How low should Zout be ?
That's the right question for sure but the answer is difficult. Listening tests referred to earlier suggests a subjective element exists, lower Zout correlates with subjectively better performance. I think it's already been pointed out (somewhere) that it's important for Zout to be consistent across the audio frequency range - which in a simple shunt like this one isn't going happen perfectly because stability demands some roll-off in the OLG.
Clearly, there's no point in Zout being any smaller than parasitic impedance down the pcb tracks etc.
The phono +Ve rail has a resistor loaded cathode coupled amplifier. It would be desirable for the power supply rails to have a Z much lower than that resistor.

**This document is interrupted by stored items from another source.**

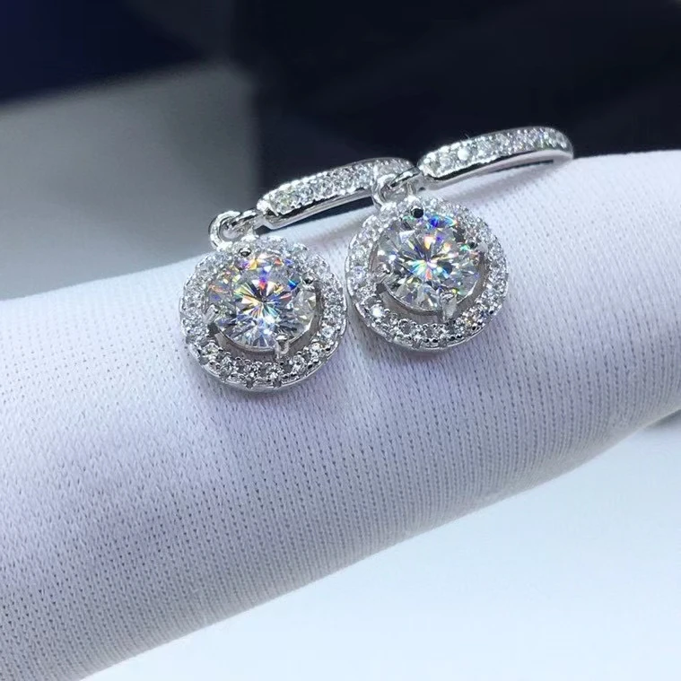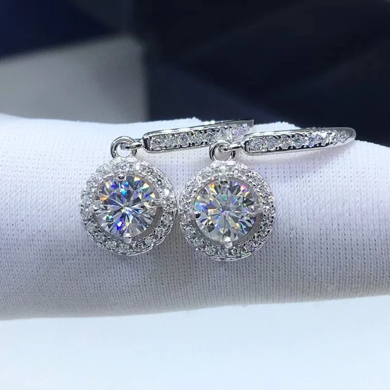 Превосходные бриллиантовые серьги с муассанитом, круглые серебряные...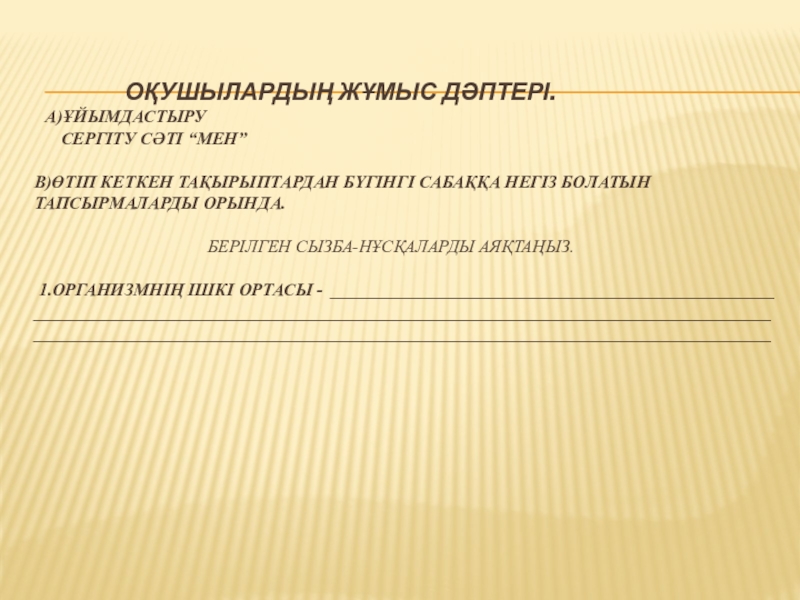 дәптері. А)Ұйымдастыру Сергіту сәті “Мен” в)Өтіп кеткен тақырыптардан бүгінгі сабаққа негіз болатын тапсырмаларды орында. Берілген сызба-нұсқаларды аяқтаңыз. 1.Организмнің ішкі ортасы - __________________________________________________ ___________________________________________________________________________________ ___________________________________________________________________________________
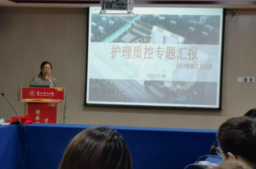 為進(jìn)一步樹(shù)立護(hù)理隊(duì)伍質(zhì)量管理意識(shí),提高護(hù)士長(zhǎng)科學(xué)管理水平,提升護(hù)理人員以問(wèn)題為導(dǎo)向、運(yùn)用管理工具解決問(wèn)題的能力,泰州市中醫(yī)院護(hù)理部于7月8日下午舉行了2022年度上半年護(hù)理質(zhì)量改善專(zhuān)題匯報(bào)會(huì),全院護(hù)士長(zhǎng)參加會(huì)議。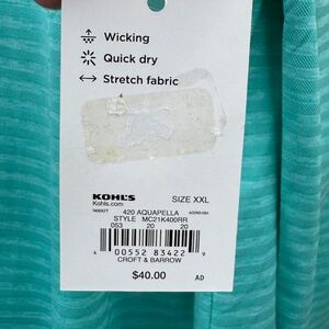 Croft & Barrow Performance Womens Aqua Mock Neck Wicking SweatShirt Top XXL NEW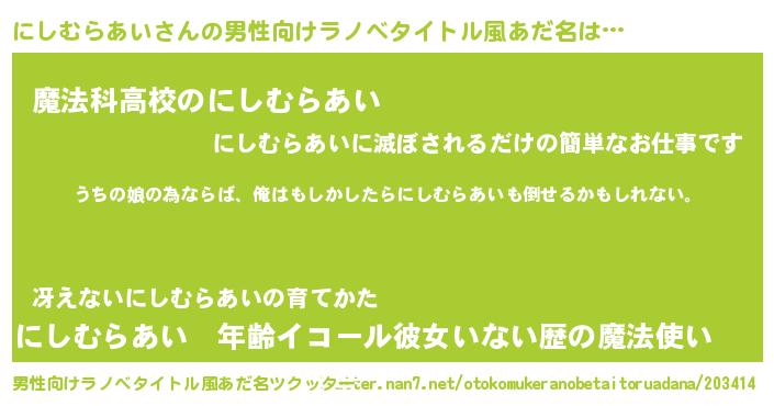 | 女子向けラノベタイトル風あだ名 | 『にしむらあいの婚約者』 |
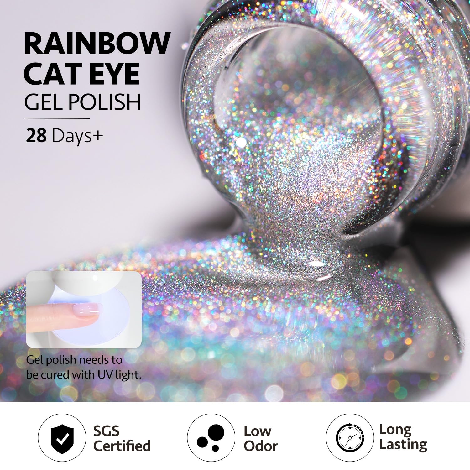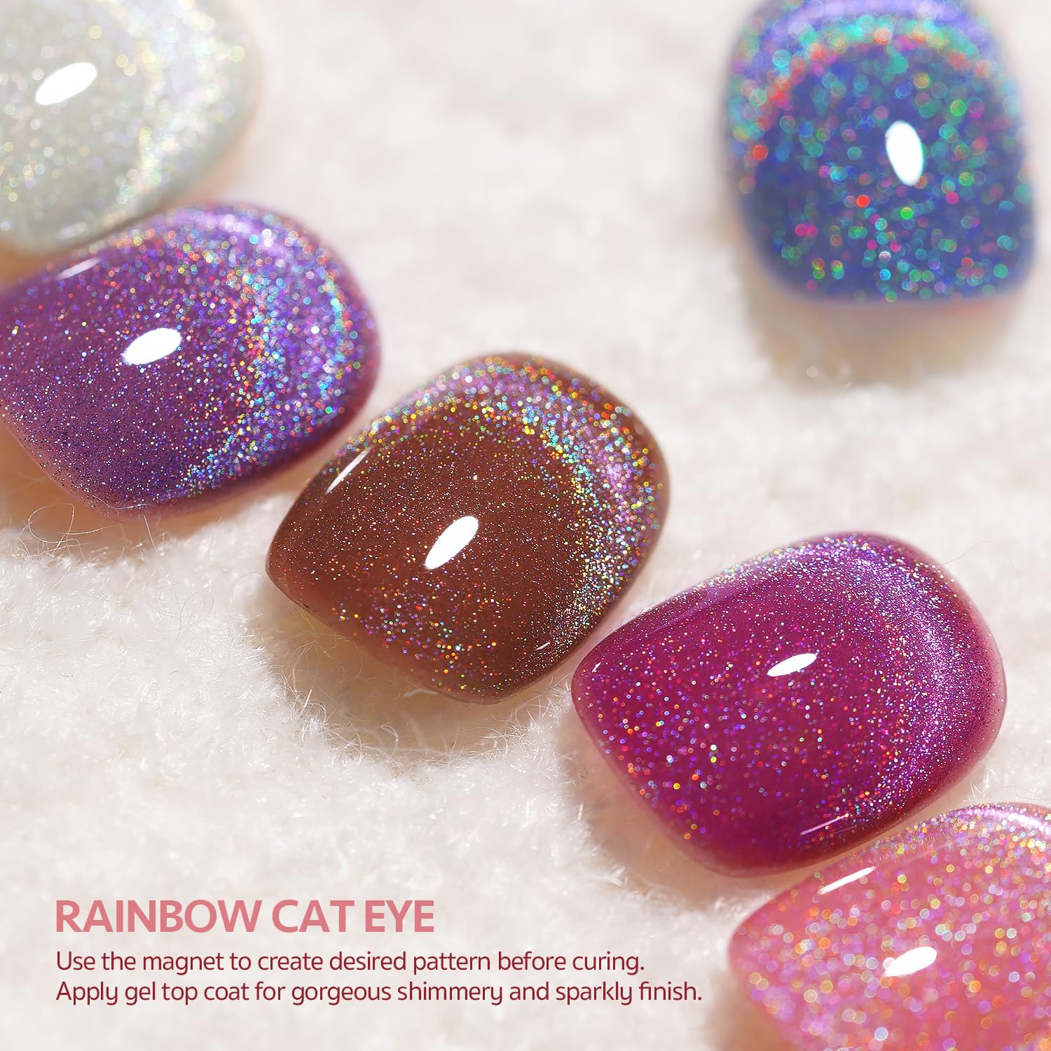 GAOY Rainbow Glitter Cat Eye Gel Nail Polish Set, 6 Holographic Sparkle Colors for Nail Art DIY Manicure and Pedicure at Home

I think I've pegged that resistor to 100R (not 82R) so if I want, say, 80dB of separation then my Zout should be 100R/10,000 = 10mOhm. I'm clutching at straws here but it's one way to look at it.
What's the aversion to FETs - there are some nice FETs these days with decent transconductance (less Sumo)
How low should Zout be ?
That's the right question for sure but the answer is difficult. Listening tests referred to earlier suggests a subjective element exists, lower Zout correlates with subjectively better performance. I think it's already been pointed out (somewhere) that it's important for Zout to be consistent across the audio frequency range - which in a simple shunt like this one isn't going happen perfectly because stability demands some roll-off in the OLG.
Clearly, there's no point in Zout being any smaller than parasitic impedance down the pcb tracks etc.
The phono +Ve rail has a resistor loaded cathode coupled amplifier. It would be desirable for the power supply rails to have a Z much lower than that resistor. I think I've pegged that resistor to 100R (not 82R) so if I want, say, 80dB of separation then my Zout should be 100R/10,000 = 10mOhm. I'm clutching at straws here but it's one way to look at it.
What's the aversion to FETs - there are some nice FETs these days with decent transconductance (less Sumo)
That's internal bandwidth which feedback forces you to extend as you say.
Have a look for the best MOSFET you can find and the best BJT. BD140s are ancient. Then we can compare. How much idle current are you planning for it?
Ok. 80dB channel separation is a fair basis to decide what's needed. I would need to simulate the PSRR of the NAD circuit.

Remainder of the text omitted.